My review of Peter Seibel's Coders at Work originally appeared on Slashdot:
Aside from authoring narrowly focused technical books, teaching university courses, or mentoring others in the workplace, programmers do not often get a chance to pass on the knowledge of the practise of programming as a profession. Peter Seibel's Coders at Work takes fifteen world-class programmers and distills their wisdom into a book of interviews with each of them.

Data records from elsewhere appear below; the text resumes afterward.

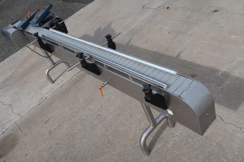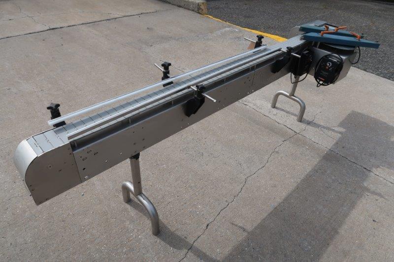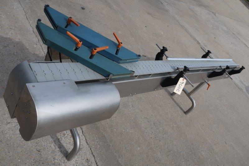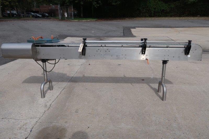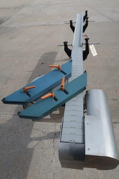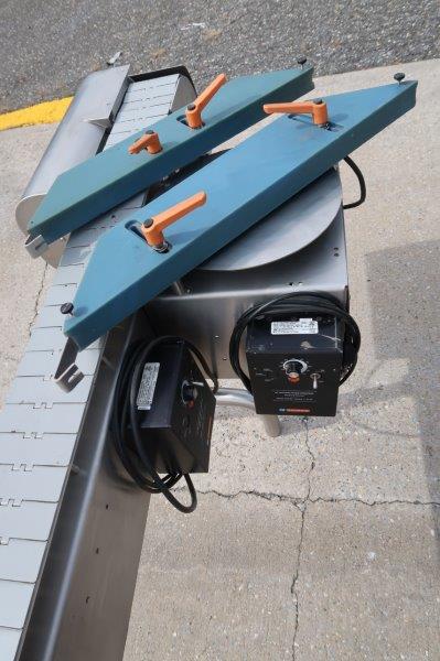 1-Used 9-1/2 Ft. Long Stainless Steel Motorized Bottle Conveyor. Equipped with 4-1/2 in. wide plastic tabletop chain with variable speed control, on Stainless Steel legs. Conveyor is equipped with a motorized Transition disk with guides and variable speed control. (Stock #9011C)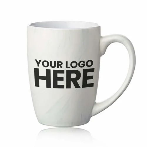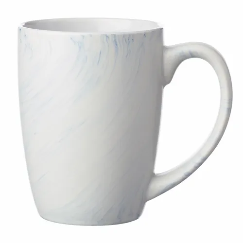 10 oz. Ceramic Mugs. Marble Glaze Finish. Smooth Glossy White Interior. Recommended Hand Wash Only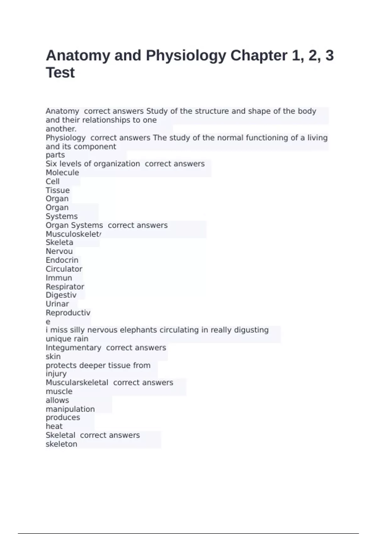 Organ Systems correct answers

The list of coders interviewed includes some geek household names like Donald Knuth and jwz, but also some not so well-known ones such as Bernie Cosell (one of the programmers behind the ARPANET IMP, the first Internet router) and Fran Allen (compiler pioneer). The full list of people interviewed is available on the book's website. The eras embodied by the interviewees range from the very beginnings of software as we know it today, to the heyday of the Internet boom, when people like Brad Fitzpatrick made their mark.
Seibel himself is a coder and author (having the well-received Practical Common Lisp under his belt). It is then no surprise that the interviews are packed with technical details, which (with one exception, explained below) restricts the intended audience of the book to those already familiar with programming.
Given the related subject matter, the people interviewed in Coders at Work who played a role in creating major programming languages (Armstrong, Eich, and Steele), and close publication dates of the two books, inevitable comparisons will be drawn between Coders at Work and Federico Biancuzzi and Shane Warden's Masterminds of Programming (I previously reviewed Masterminds of Programming on my blog). There is a lot of common ground between the two books in terms of technical areas covered, but Coders at Work clearly comes out on top.
Part of the reason has to do with the fact that Seibel's choice of interviewees is stellar. Masterminds of Programming's niche focus on programming language designers meant that its authors had a tougher job than Seibel, but details like the omission of Alan Kay (creator of Smalltalk and one of the most influential programming language designers in the field's history) from Masterminds are nothing short of dumbfounding.
Just as important to making Coders at Work a good book is the fact that Seibel is a great interviewer. Seibel's questions felt more open-ended than those in Masterminds, and the resulting interviews have a flow and narrative that makes them engrossing to read and gives the programmers interviewed a chance to explore details in-depth.
A refreshing aspect of Coders at Work are the interviewees who don't shy away from strong opinions or humor, as shown in this remark by Peter Deutsch: "I think Larry Wall has a lot of nerve talking about language design--Perl is an abomination as a language." One aspect where Coders unintentionally shines is as a guide to finding and hiring programming talent. Even non-technical managers will benefit greatly by reading those excerpts of the interviews concerned with hiring programmers.
Another unexpected aspect of the book is the breadth of topics discussed — everything from debugging machine code to women's issues in computing workplace and education.
One area where Coders could stand improvement is in its length. Not all of the coders interviewed possessed the gift of brevity, and many interview answers could have been edited to reduce their length without affecting the message.
In her interview, Fran Allen makes an interesting assertion — programming and computer science need to become more socially relevant. Other scientific and engineering fields are filled with well-known personalities, described in prominent interviews, biographies, and major Hollywood films. The only "software people" to appear in the public spotlight are the CEOs of major software firms. Ultimately, its role in helping programming assert its status as a socially relevant profession may be the most important contribution of Coders at Work.